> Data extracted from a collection
--------------------------------
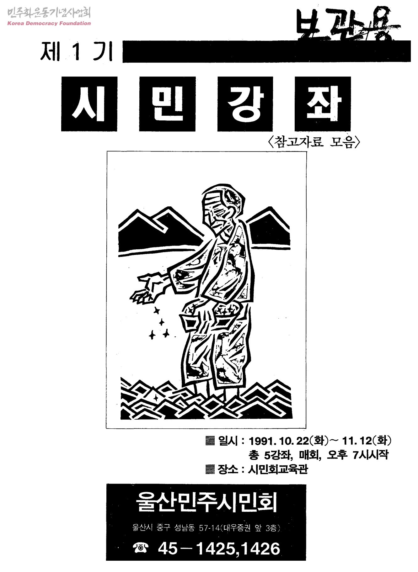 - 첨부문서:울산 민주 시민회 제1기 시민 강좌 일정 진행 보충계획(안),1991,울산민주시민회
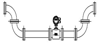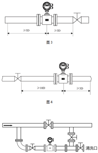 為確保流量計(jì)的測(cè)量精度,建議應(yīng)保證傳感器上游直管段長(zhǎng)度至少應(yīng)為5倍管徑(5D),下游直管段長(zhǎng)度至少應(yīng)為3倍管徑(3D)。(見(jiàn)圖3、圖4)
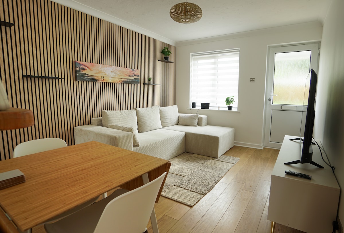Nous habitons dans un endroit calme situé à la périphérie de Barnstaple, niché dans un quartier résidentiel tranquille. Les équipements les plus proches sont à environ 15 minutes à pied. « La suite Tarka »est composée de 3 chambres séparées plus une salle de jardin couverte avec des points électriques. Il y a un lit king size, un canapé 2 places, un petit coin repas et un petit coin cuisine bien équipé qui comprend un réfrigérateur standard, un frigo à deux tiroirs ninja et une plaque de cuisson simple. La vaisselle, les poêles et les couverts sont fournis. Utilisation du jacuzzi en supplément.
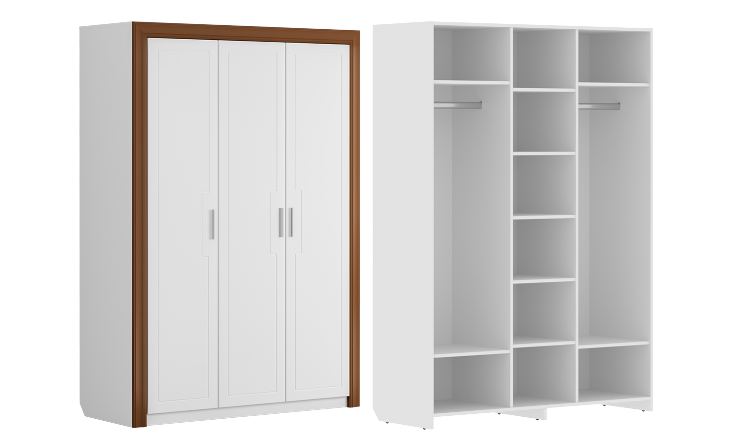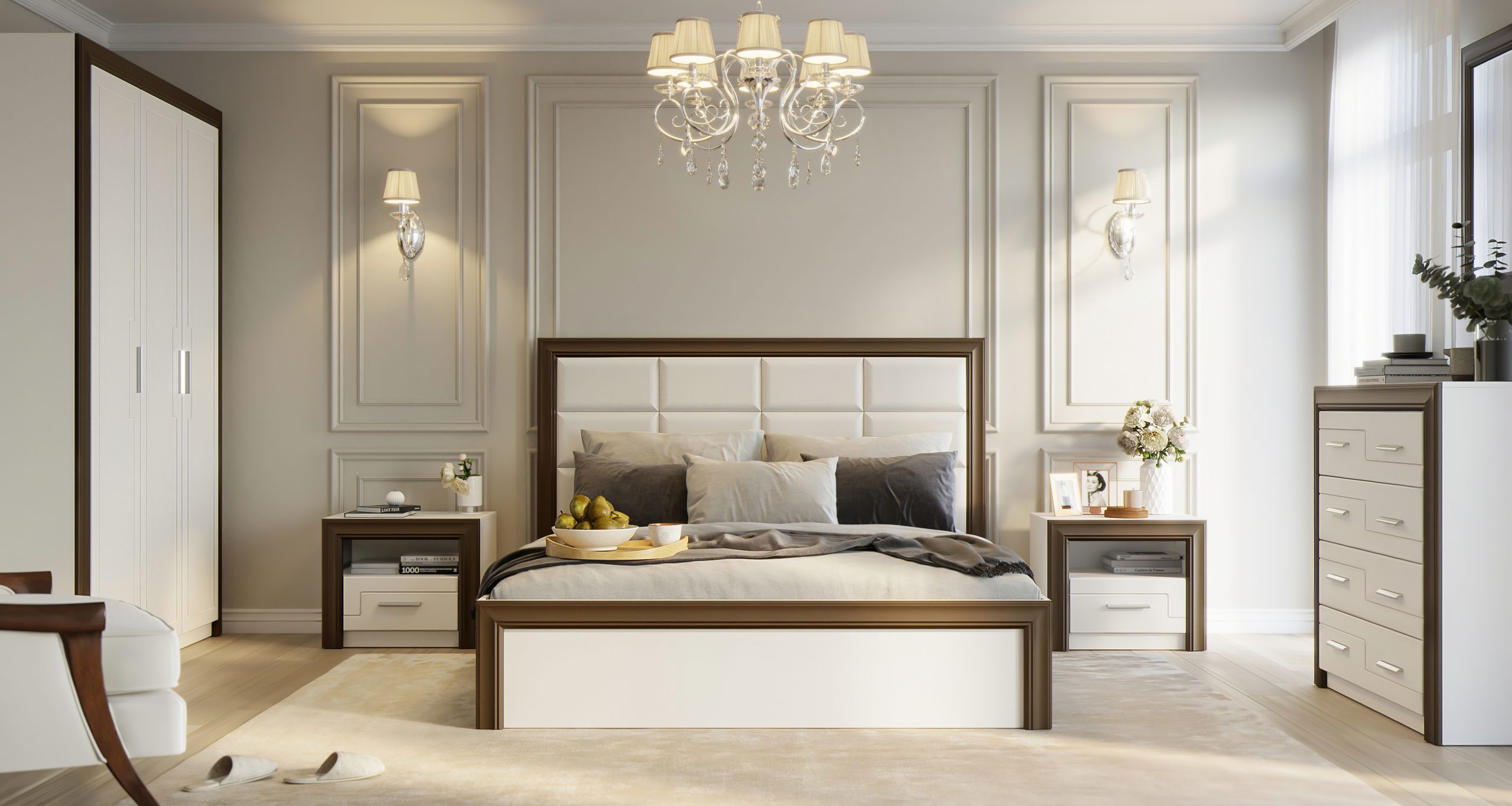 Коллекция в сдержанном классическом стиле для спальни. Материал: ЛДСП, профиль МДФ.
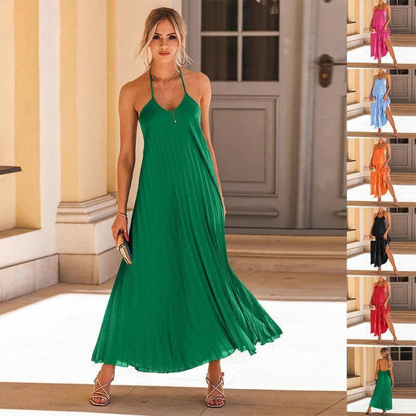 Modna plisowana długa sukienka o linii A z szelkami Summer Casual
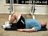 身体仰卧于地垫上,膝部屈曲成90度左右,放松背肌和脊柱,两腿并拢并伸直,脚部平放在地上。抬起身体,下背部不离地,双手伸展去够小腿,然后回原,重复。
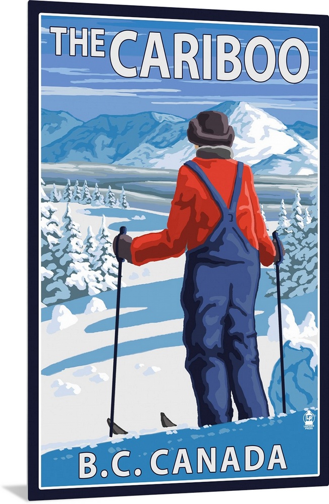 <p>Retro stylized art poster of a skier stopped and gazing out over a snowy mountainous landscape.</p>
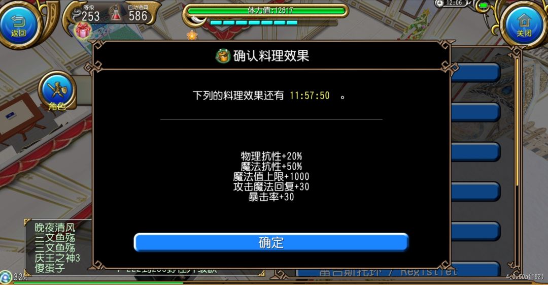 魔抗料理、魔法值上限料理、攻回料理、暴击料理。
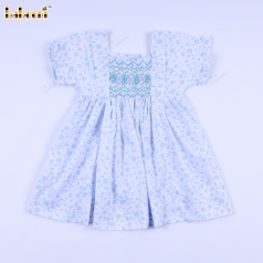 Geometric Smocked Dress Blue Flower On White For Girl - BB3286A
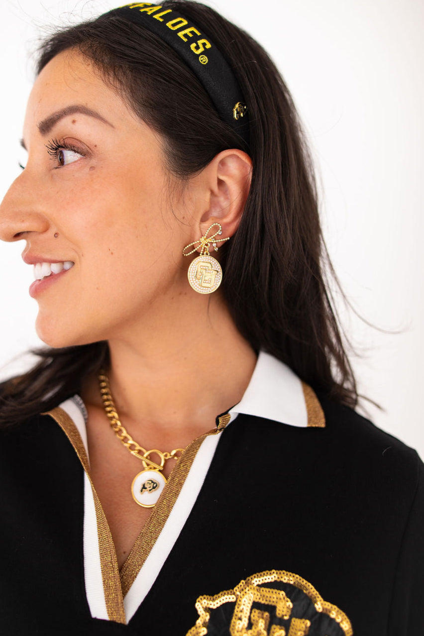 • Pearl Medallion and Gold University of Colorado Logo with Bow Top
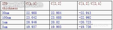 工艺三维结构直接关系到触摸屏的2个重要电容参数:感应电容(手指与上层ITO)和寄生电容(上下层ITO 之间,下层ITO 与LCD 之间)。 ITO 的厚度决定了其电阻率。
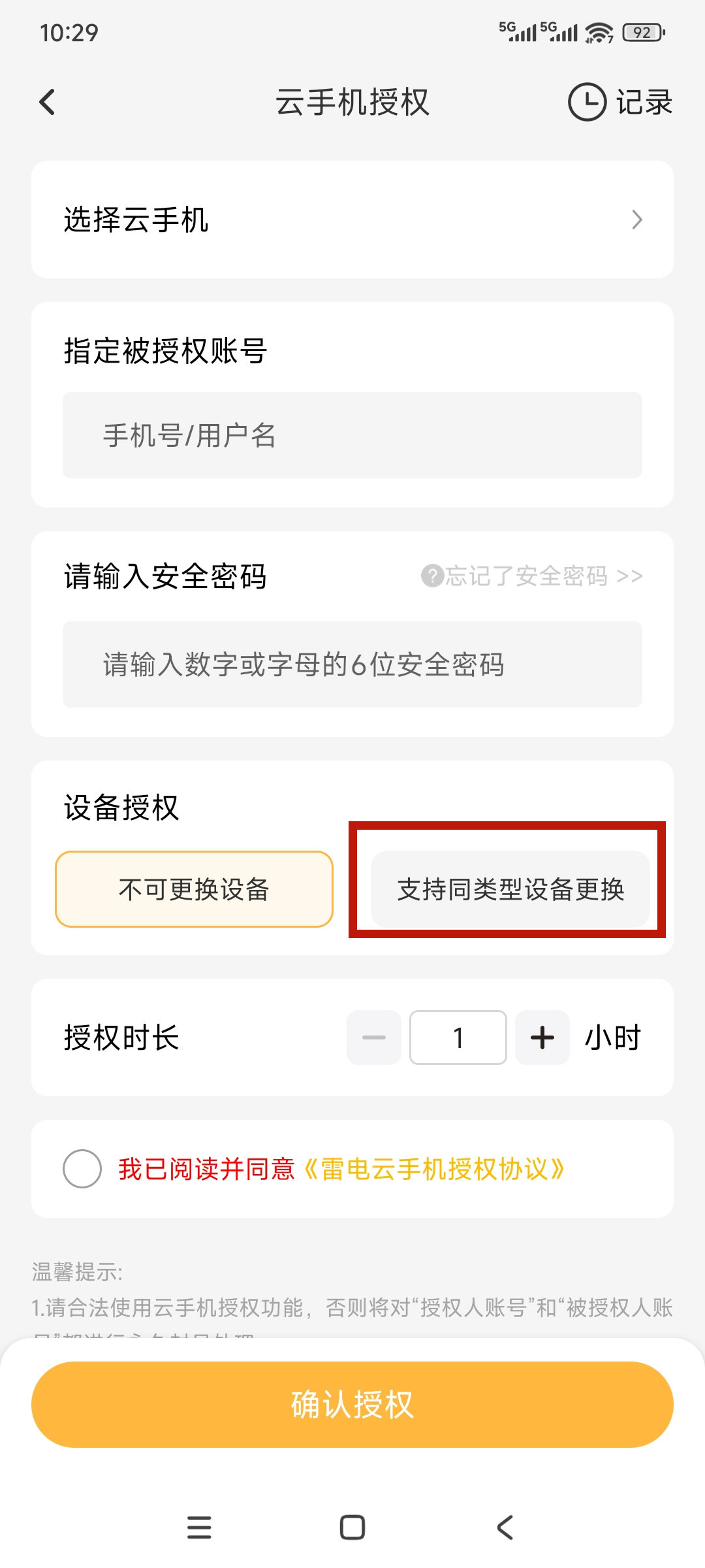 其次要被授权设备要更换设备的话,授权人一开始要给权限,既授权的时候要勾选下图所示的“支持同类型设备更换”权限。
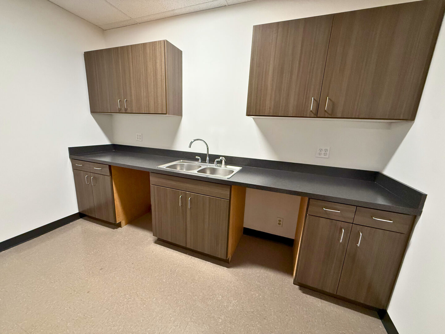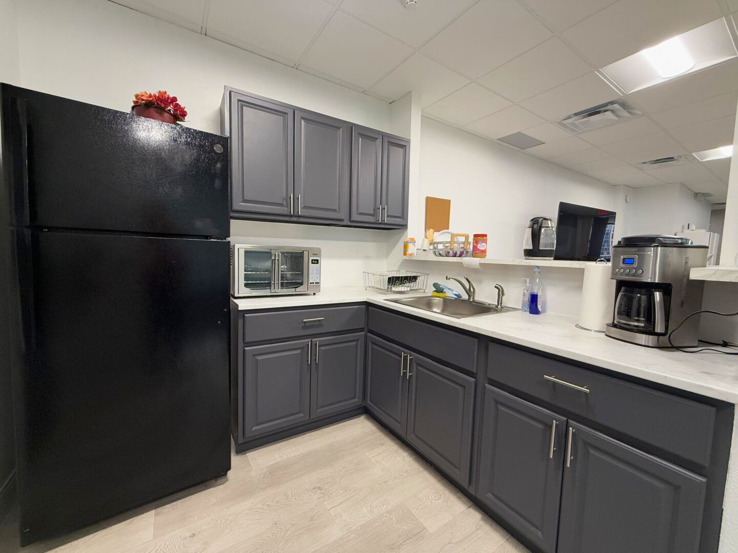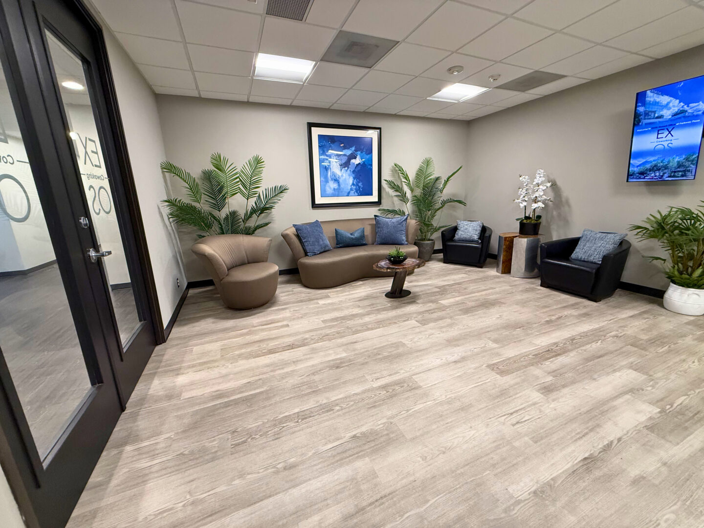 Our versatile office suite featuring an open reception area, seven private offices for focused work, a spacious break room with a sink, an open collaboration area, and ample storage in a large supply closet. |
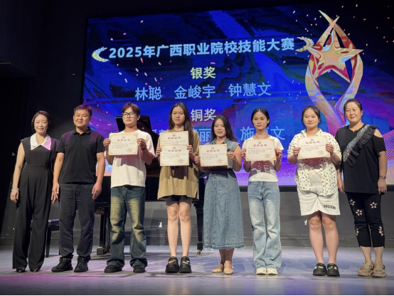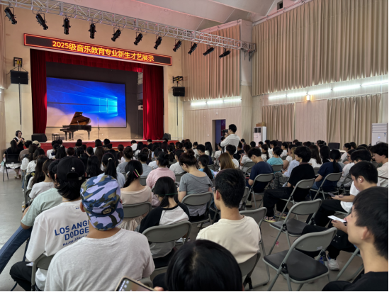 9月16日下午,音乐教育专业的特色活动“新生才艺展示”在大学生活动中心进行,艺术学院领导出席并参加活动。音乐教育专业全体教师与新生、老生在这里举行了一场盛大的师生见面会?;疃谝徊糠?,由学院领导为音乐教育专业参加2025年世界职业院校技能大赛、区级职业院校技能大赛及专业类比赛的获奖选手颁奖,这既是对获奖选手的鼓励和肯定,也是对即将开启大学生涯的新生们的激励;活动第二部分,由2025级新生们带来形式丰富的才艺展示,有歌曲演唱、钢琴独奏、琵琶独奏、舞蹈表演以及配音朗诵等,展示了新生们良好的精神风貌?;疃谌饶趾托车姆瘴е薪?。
--------------------------------
> WHAT YOU ARE ASKED TO DO
All lines from the one containing "工艺三维结构直接关系到触摸屏的2个重要电容参数:感应电容(手指与上层ITO)和寄生电容(上下层ITO 之间,下层ITO 与LCD" through the end of the entries above must be given again exactly, with every picture omitted.

> PROBLEM SOLUTION
 工艺三维结构直接关系到触摸屏的2个重要电容参数:感应电容(手指与上层ITO)和寄生电容(上下层ITO 之间,下层ITO 与LCD 之间)。 ITO 的厚度决定了其电阻率。
 其次要被授权设备要更换设备的话,授权人一开始要给权限,既授权的时候要勾选下图所示的“支持同类型设备更换”权限。
 Our versatile office suite featuring an open reception area, seven private offices for focused work, a spacious break room with a sink, an open collaboration area, and ample storage in a large supply closet. |
 9月16日下午,音乐教育专业的特色活动“新生才艺展示”在大学生活动中心进行,艺术学院领导出席并参加活动。音乐教育专业全体教师与新生、老生在这里举行了一场盛大的师生见面会?;疃谝徊糠?,由学院领导为音乐教育专业参加2025年世界职业院校技能大赛、区级职业院校技能大赛及专业类比赛的获奖选手颁奖,这既是对获奖选手的鼓励和肯定,也是对即将开启大学生涯的新生们的激励;活动第二部分,由2025级新生们带来形式丰富的才艺展示,有歌曲演唱、钢琴独奏、琵琶独奏、舞蹈表演以及配音朗诵等,展示了新生们良好的精神风貌?;疃谌饶趾托车姆瘴е薪?。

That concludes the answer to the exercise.